Before Tandem's license was announced, the former CEO of Barclays, Antony Jenkins, predicted a period of upheaval for the banking industry: 'The incumbents risk becoming merely capital providing utilities that operate in a highly regulated, less profitable environment, a situation unlikely to be tolerated by shareholders.' Business Insider called this an 'Uber style disruption' with traditional banks standing to lose half of their workforce, and around 60% of profitability in some divisions.

Like Uber, Fintech startups have the capacity to do everything a traditional bank can - albeit on a smaller scale to begin with - but faster and cheaper. Due to this, services such as lending and wealth management are likely to be disrupted, causing potentially irreparable damage for the high-street bank. And to some extent, this is already happening. We, for example, featured an article on TransferWise and how they have made international payments cheaper for customers. The company recognized that if we are to operate in a globalized economy the public shouldn't be charged admin fees for transferring money abroad. The service's success shows that banks are already being disrupted, with other companies - such as Funding Circle and Square - doing similar things with lending and payments.

What this will lead to is traditional banks automating their work.
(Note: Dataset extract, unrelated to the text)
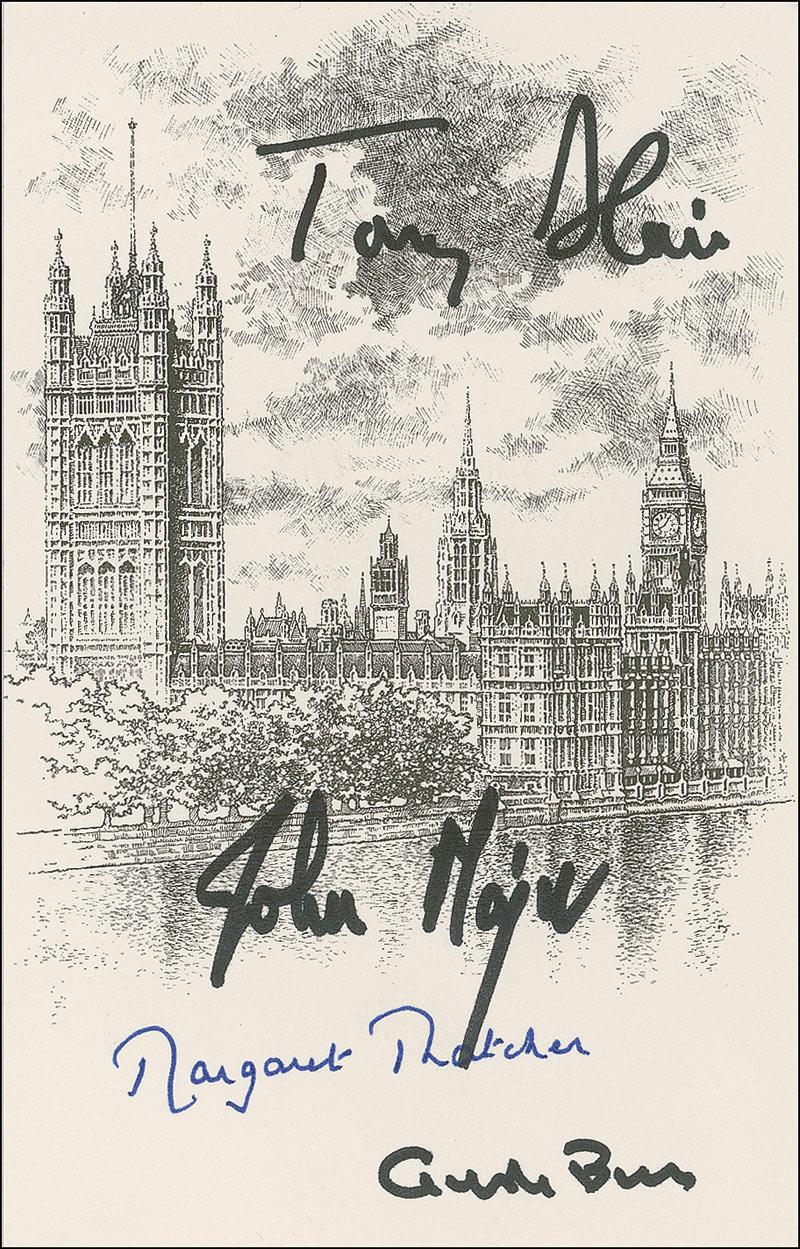 Bookplate, 3.75 x 5.75, featuring an image of Big Ben and Parliament, signed in blue ink by Margaret Thatcher and in black felt tip by John Major, Tony Blair, and Gordon Brown. In very fine condition.
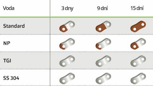 Tabulka níže ilustruje rozdíly v odolnosti řetězů vůči korozi při působení vody. Přestože standardní i poniklované řetězy vykazují zřetelné stopy koroze již po několika dnech, KettenWulf TGI a SS si naopak po více než dvou týdnech zachovávají neporušený povrch.

Antony Jenkins stated: 'I predict that the number of branches and people employed in the financial services sector may decline by as much as 50% over the next 10 years, and even in a less harsh scenario I expect a decline of at least 20%.'

The rise in Fintech startups was mainly born out of the the 2008 Financial Crisis, which caused real mistrust within the banking industry. It also led to much banking regulation which made customer needs more central to the decision making process. Now, it's a question of whether the industry's  traditional banks can make good on their more customer focused strategies, while also embracing new technologies to improve efficiency. Next year will, however, be crucial to the industry's future and determine whether Fintech startups have a reasonable chance of disrupting the high-street bank.